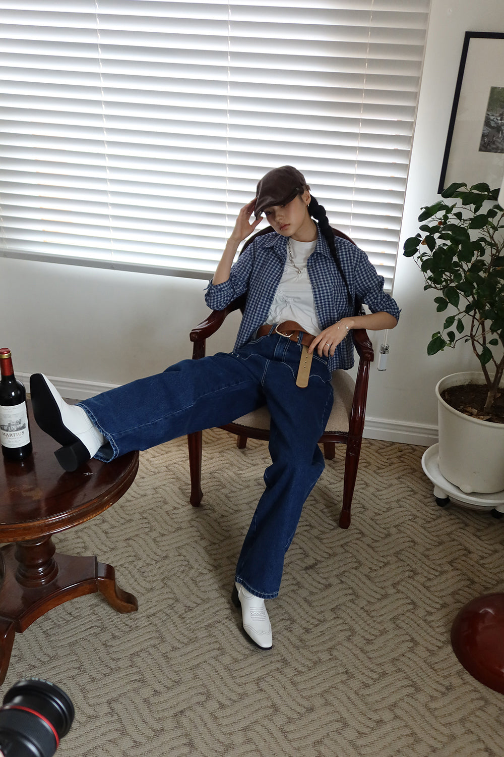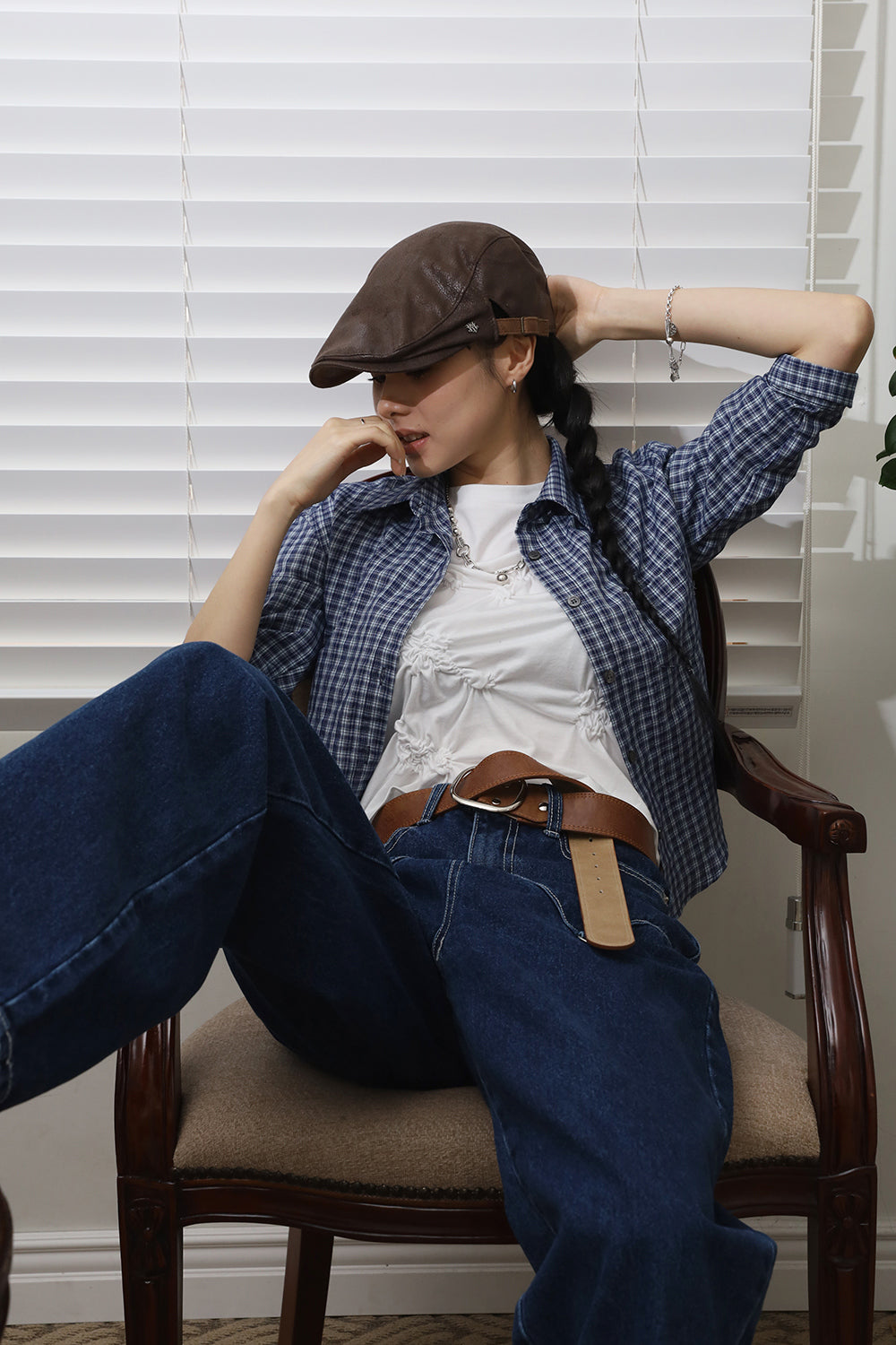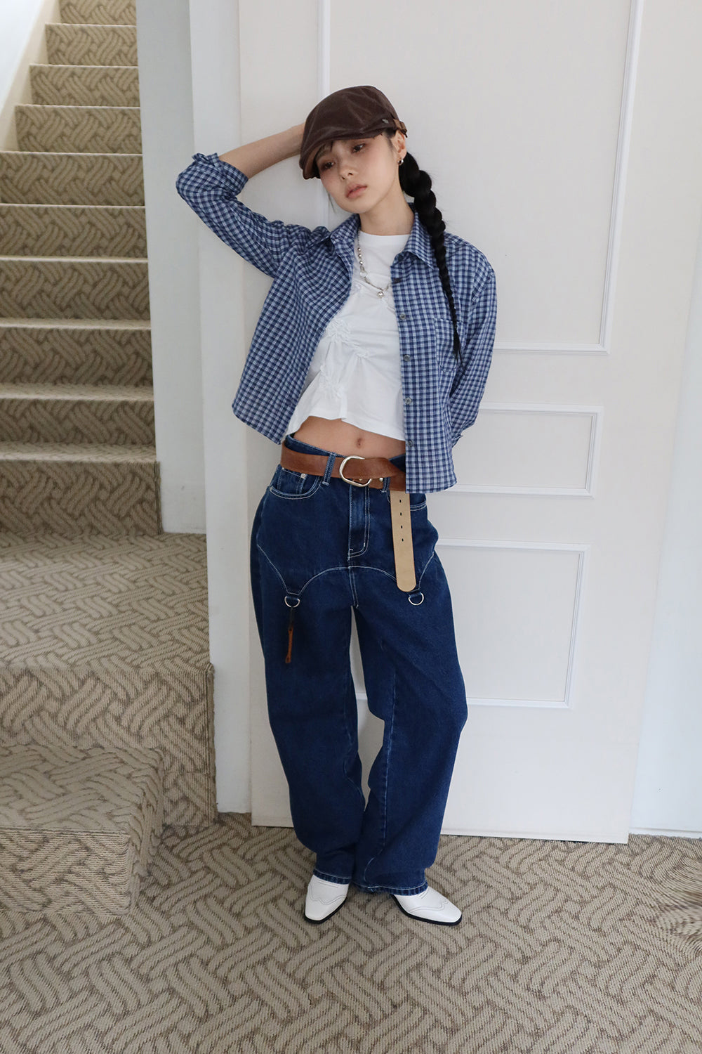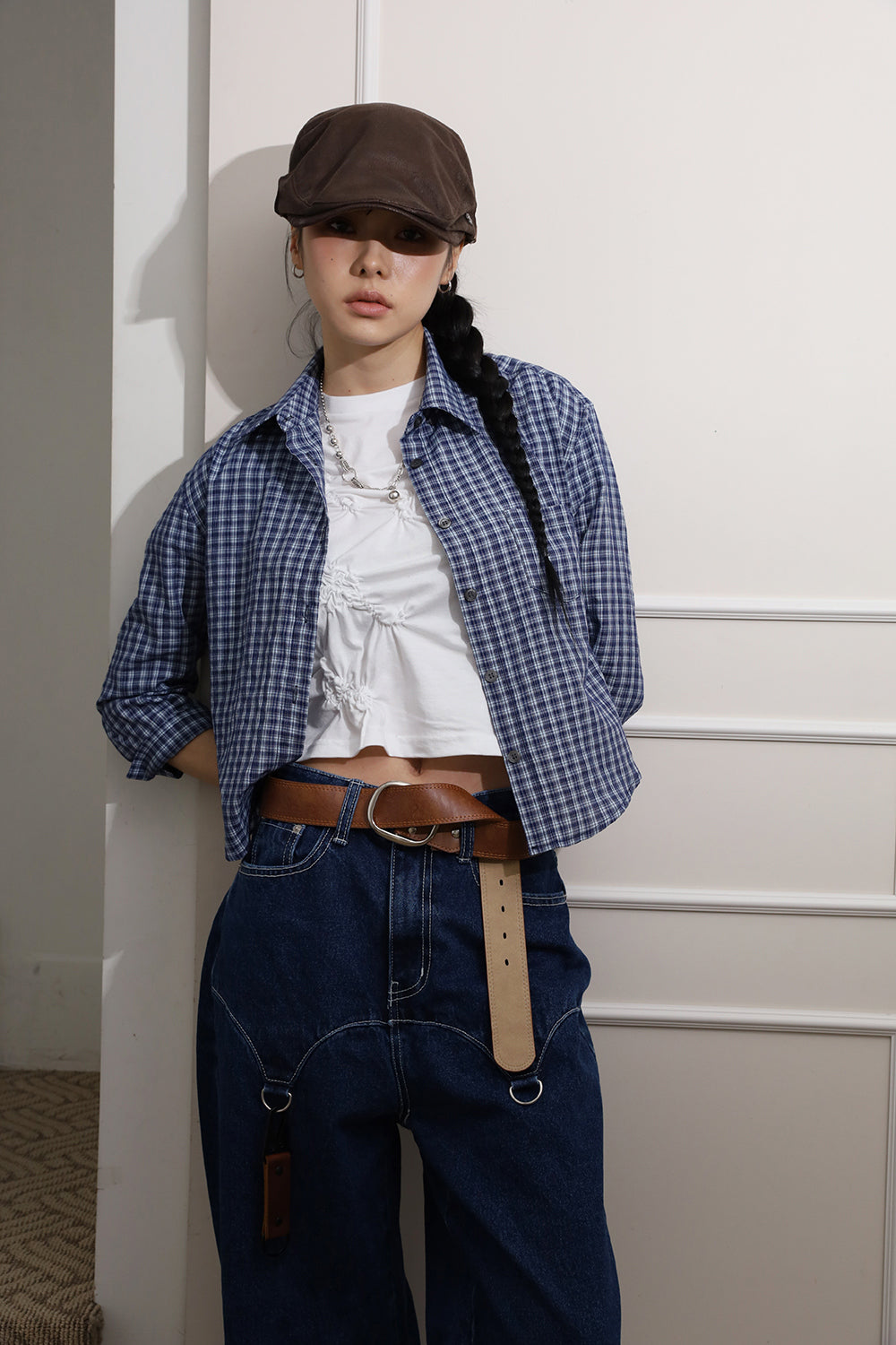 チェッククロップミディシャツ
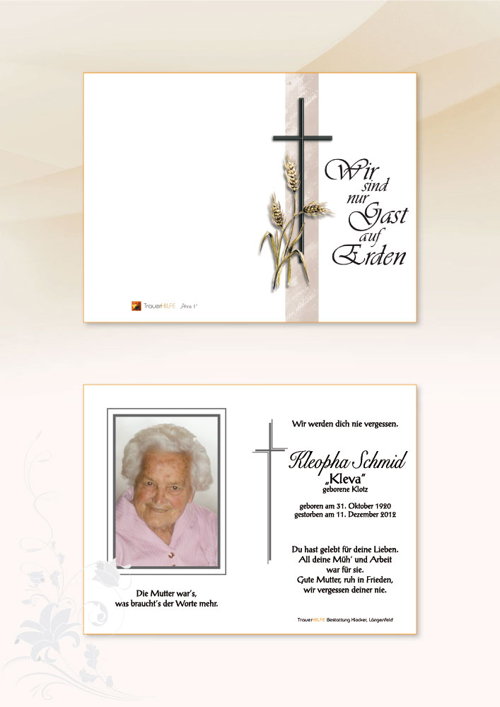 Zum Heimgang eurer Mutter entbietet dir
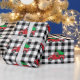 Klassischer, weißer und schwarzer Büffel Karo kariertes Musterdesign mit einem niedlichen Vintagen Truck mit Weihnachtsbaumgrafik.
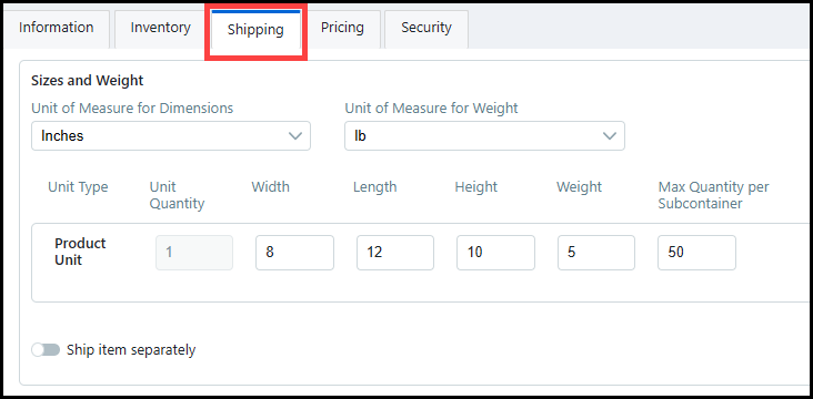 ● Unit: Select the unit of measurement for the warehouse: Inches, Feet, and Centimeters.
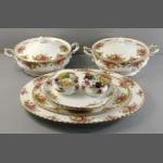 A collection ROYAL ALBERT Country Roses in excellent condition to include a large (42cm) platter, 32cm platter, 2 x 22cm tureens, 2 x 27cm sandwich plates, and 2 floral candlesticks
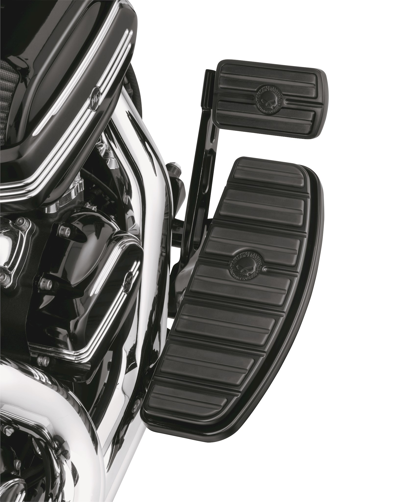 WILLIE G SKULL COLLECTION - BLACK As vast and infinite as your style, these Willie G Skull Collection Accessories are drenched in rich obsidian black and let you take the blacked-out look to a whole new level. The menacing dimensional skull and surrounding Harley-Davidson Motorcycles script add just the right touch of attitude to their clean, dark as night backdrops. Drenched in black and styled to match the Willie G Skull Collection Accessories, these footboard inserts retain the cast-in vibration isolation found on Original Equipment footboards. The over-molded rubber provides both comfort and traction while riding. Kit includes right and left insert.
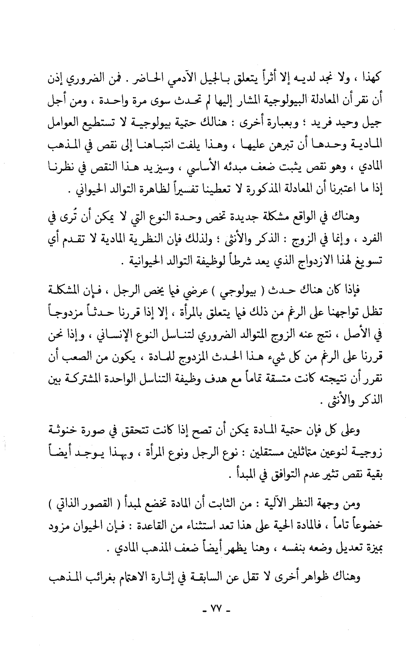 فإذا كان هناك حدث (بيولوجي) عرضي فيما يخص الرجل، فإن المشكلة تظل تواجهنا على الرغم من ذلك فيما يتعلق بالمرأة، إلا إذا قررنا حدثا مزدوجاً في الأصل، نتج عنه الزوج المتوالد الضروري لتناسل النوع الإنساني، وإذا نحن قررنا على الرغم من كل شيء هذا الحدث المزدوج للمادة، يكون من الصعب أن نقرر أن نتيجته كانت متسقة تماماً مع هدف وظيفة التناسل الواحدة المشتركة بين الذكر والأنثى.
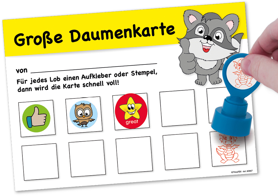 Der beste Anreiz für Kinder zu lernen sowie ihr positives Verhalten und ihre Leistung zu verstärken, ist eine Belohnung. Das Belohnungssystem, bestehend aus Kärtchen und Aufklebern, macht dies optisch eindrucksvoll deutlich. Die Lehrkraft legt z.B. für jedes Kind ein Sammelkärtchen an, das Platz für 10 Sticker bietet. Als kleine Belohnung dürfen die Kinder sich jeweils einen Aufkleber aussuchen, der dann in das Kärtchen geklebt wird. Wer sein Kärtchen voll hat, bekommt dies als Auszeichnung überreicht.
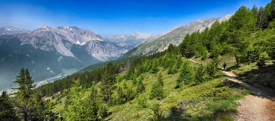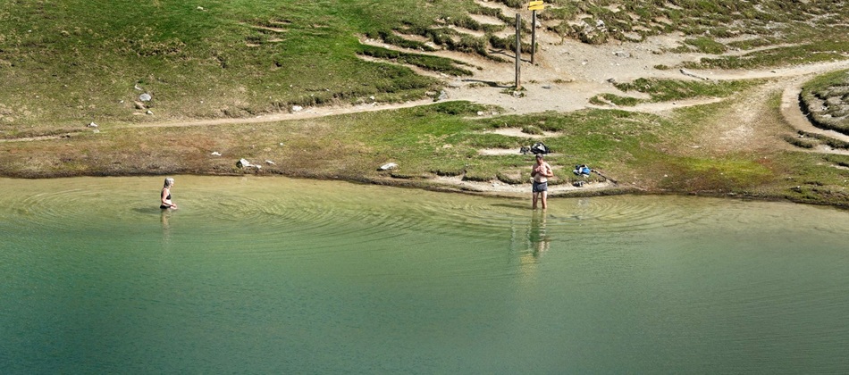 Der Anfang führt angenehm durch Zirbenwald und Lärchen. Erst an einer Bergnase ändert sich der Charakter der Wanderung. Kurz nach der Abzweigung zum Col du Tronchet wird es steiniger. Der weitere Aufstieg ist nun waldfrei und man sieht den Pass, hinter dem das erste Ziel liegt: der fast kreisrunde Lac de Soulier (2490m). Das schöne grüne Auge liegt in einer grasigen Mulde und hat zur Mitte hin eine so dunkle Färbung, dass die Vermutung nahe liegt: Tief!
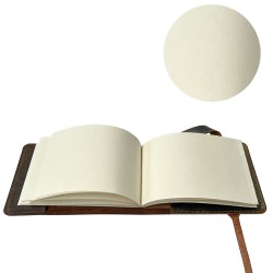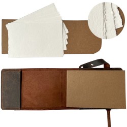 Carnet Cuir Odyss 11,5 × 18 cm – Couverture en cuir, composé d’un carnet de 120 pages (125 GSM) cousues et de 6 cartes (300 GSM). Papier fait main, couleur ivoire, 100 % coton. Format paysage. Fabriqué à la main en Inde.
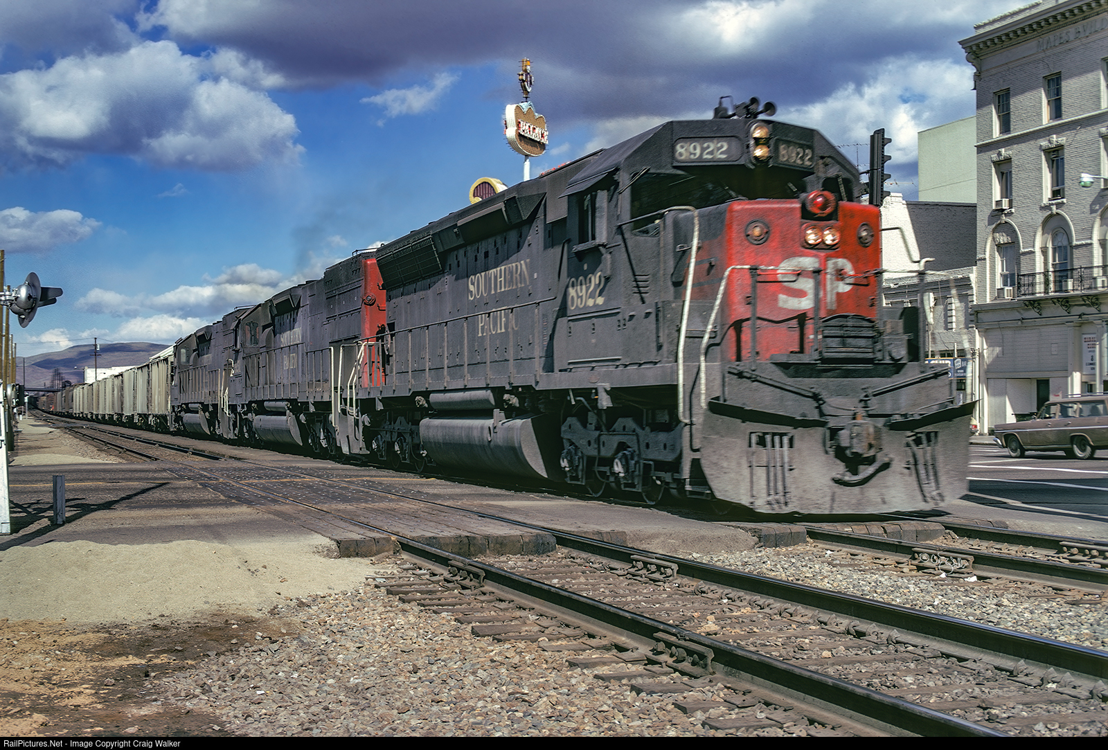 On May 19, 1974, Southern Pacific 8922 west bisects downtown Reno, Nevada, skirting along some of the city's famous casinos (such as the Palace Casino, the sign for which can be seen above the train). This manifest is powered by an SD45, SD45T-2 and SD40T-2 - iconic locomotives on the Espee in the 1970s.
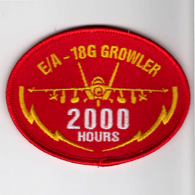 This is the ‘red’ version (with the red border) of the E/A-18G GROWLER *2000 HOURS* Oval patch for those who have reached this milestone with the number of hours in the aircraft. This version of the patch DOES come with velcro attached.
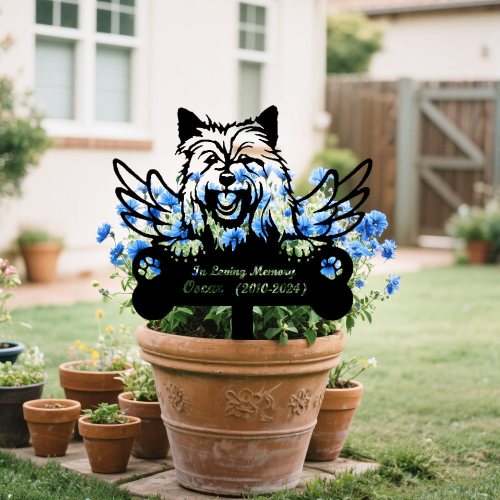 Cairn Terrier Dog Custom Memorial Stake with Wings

* **YOUR INSTRUCTIONS**: Output each line of the listing above, word for word, from the one holding "Der beste Anreiz" through the last line, both included; omit the pictures.

* **EXERCISE OUTPUT**:
 Der beste Anreiz für Kinder zu lernen sowie ihr positives Verhalten und ihre Leistung zu verstärken, ist eine Belohnung. Das Belohnungssystem, bestehend aus Kärtchen und Aufklebern, macht dies optisch eindrucksvoll deutlich. Die Lehrkraft legt z.B. für jedes Kind ein Sammelkärtchen an, das Platz für 10 Sticker bietet. Als kleine Belohnung dürfen die Kinder sich jeweils einen Aufkleber aussuchen, der dann in das Kärtchen geklebt wird. Wer sein Kärtchen voll hat, bekommt dies als Auszeichnung überreicht.
 Der Anfang führt angenehm durch Zirbenwald und Lärchen. Erst an einer Bergnase ändert sich der Charakter der Wanderung. Kurz nach der Abzweigung zum Col du Tronchet wird es steiniger. Der weitere Aufstieg ist nun waldfrei und man sieht den Pass, hinter dem das erste Ziel liegt: der fast kreisrunde Lac de Soulier (2490m). Das schöne grüne Auge liegt in einer grasigen Mulde und hat zur Mitte hin eine so dunkle Färbung, dass die Vermutung nahe liegt: Tief!
 Carnet Cuir Odyss 11,5 × 18 cm – Couverture en cuir, composé d’un carnet de 120 pages (125 GSM) cousues et de 6 cartes (300 GSM). Papier fait main, couleur ivoire, 100 % coton. Format paysage. Fabriqué à la main en Inde.
 On May 19, 1974, Southern Pacific 8922 west bisects downtown Reno, Nevada, skirting along some of the city's famous casinos (such as the Palace Casino, the sign for which can be seen above the train). This manifest is powered by an SD45, SD45T-2 and SD40T-2 - iconic locomotives on the Espee in the 1970s.
 This is the ‘red’ version (with the red border) of the E/A-18G GROWLER *2000 HOURS* Oval patch for those who have reached this milestone with the number of hours in the aircraft. This version of the patch DOES come with velcro attached.
 Cairn Terrier Dog Custom Memorial Stake with Wings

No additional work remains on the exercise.